C) a group containing an alkyleneoxy group: —R _C2 —O— and an acyl group: —CO—R _C1 (R _C1 represents a hydrocarbon group, and R _C2 represents an alkylene group having 2 or 3 carbon atoms. ) The molding material according to claim 1 or 2, wherein the C) group containing an alkyleneoxy group and an acyl group is a group containing a structure represented by the following general formula (3).

(Wherein R _C1 represents a hydrocarbon group, R _C2 represents an alkylene group having 2 or 3 carbon atoms, and n represents an integer of 1 or more.) The molding material in any one of Claims 1-3 whose said _RA is a C1-C4 alkyl group. The molding material in any one of Claims 1-4 whose said _RA is a methyl group or an ethyl group. The molding material according to claim 1, wherein R _B and R _C1 are each independently an alkyl group or an aryl group. Wherein R _B and R _C1 are each independently a methyl group, an ethyl group, or propyl group, molding material according to any of claims 1 to 6. Wherein R _B is a hydrocarbon group having a branched structure having 3 to 10 carbon atoms, molding material according to any one of claims 1 to 6. The molding material in any one of Claims 2-8 whose said alkyleneoxy group is group represented by following formula (1) or (2).

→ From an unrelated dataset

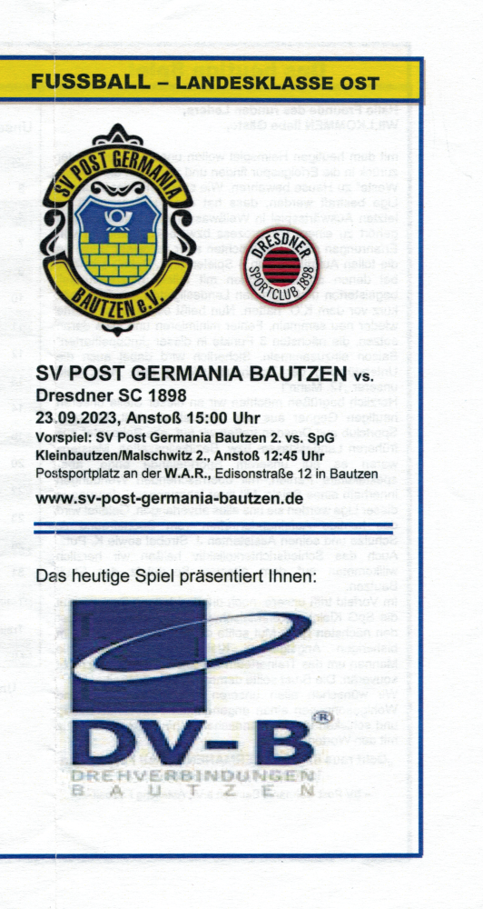 Titelblatt des Auswärts-Programms vom 23. September 2023 (Quelle: Reproduktion aus Originalvorlage)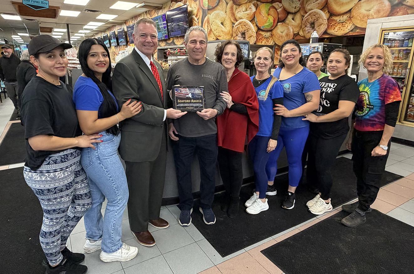 Senator Rhoads proudly presented the New York State Senate Empire Award to Seaford Bagels, recognizing the business as a cornerstone of the community. Known for its exceptional customer experience, Seaford Bagels has created a welcoming space where neighbors gather, connect, and enjoy a sense of community.

  The molding material in any one of Claims 1-9 in which the said cellulose derivative does not have a carboxyl group, a sulfonic acid group, and these salts substantially.   The molding material in any one of Claims 1-10 whose said cellulose derivative is insoluble in water.   The molding material according to claim 1, wherein the glass fiber has a fiber length of 100 μm or more.   The molding material according to claim 1, wherein the glass fiber is an organic glass fiber.   The molding material according to claim 1, wherein the glass fiber surface treatment agent is an isocyanate compound.   The molding material according to claim 1, wherein the isocyanate compound is toluene diisocyanate or hexamethylene diisocyanate. The molding material according to any one of claims 1 to 15, wherein a content of the glass fiber is 1 to 30% by mass in the molding material.   The molded object obtained by shape | molding the molding material in any one of Claims 1-16.   The manufacturing method of a molded object including the process of heating and shape | molding the molding material in any one of Claims 1-16.   A housing for electrical and electronic equipment comprising the molded body according to claim 17.